Deterministic patterns in cell motility

Abstract

Cell migration paths are generally described as random walks, associated with both intrinsic and extrinsic noise. However, complex cell locomotion is not merely related to such fluctuations, but is often determined by the underlying machinery. Cell motility is driven mechanically by actin and myosin, two molecular components that generate contractile forces. Other cell functions make use of the same components and, therefore, will compete with the migratory apparatus. Here, we propose a physical model of such a competitive system, namely dendritic cells whose antigen capture function and migratory ability are coupled by myosin II. The model predicts that this coupling gives rise to a dynamic instability, whereby cells switch from persistent migration to unidirectional self-oscillation, through a Hopf bifurcation.
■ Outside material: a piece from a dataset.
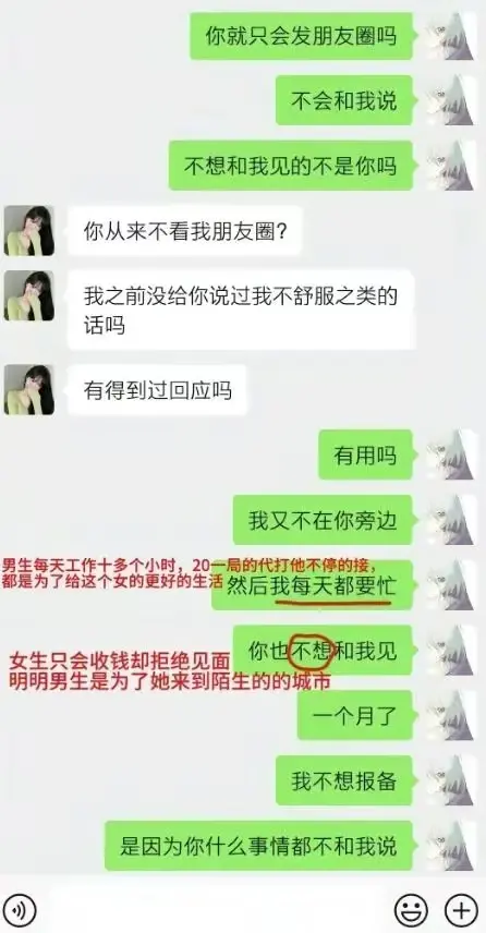 看看这些聊天记录,可以真切感受到胖猫在这段感情中的卑微!他每天工作十几个小时,20元一局的代打不停的接,只为给女友更好的生活。而女生只会收钱却拒绝见面。即便这样胖猫还真的认为是自己的问题,一直在反思自己,一直在挽留 。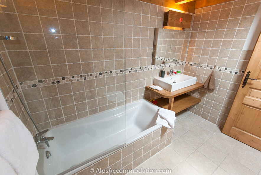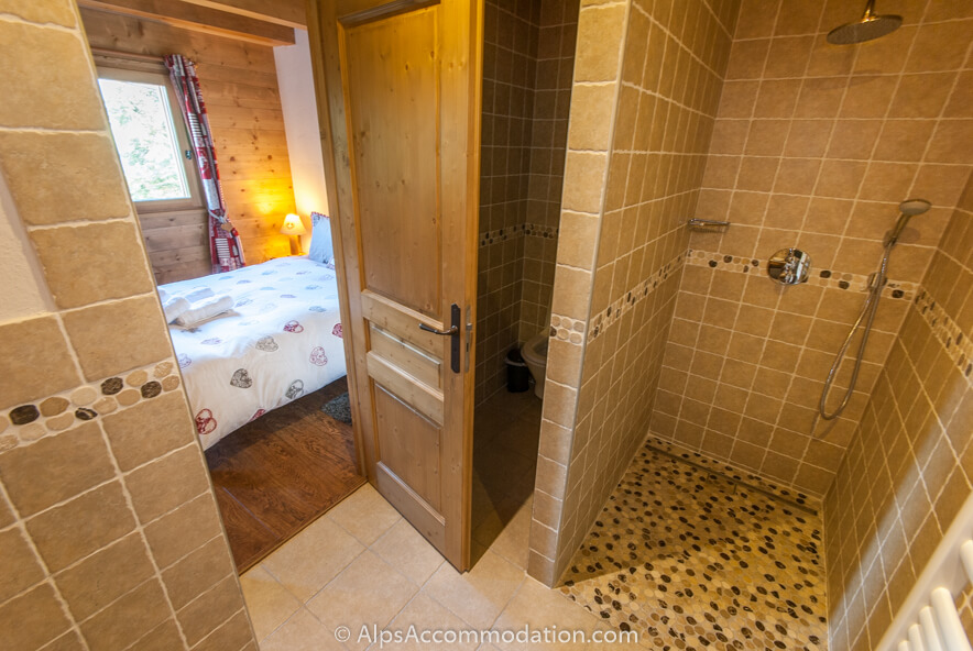 La Grange possède 6 chambres, spacieuses, aux détails de charme et de luxe – donc, on trouve une atmosphère très spéciale dans cette retraite alpine belle et accueillante. La Chambre No.1, grande chambre pour deux personnes (lit double : 160cm x 200cm) est située au premier niveau inférieure du chalet-appartement. Il y a une grande armoire et un bureau. La salle de bain privée avec lavabo, douche et WC. Il y a aussi un placard pour les articles de toilette et un porte-serviettes chauffant.

Cells can then switch to periodic polarity reversals through a homoclinic bifurcation. These predicted dynamic regimes are characterized by robust features that we identify through in vitro trajectories of dendritic cells over long timescales and distances. We expect that competition for limited resources in other migrating cell types can lead to similar deterministic migration modes. Cell motility is typically described as a random walk due to the presence of noise. But a dynamical model suggests that dendritic cells move deterministically, alternating between fast and slow motility, and exhibiting periodic polarity reversals.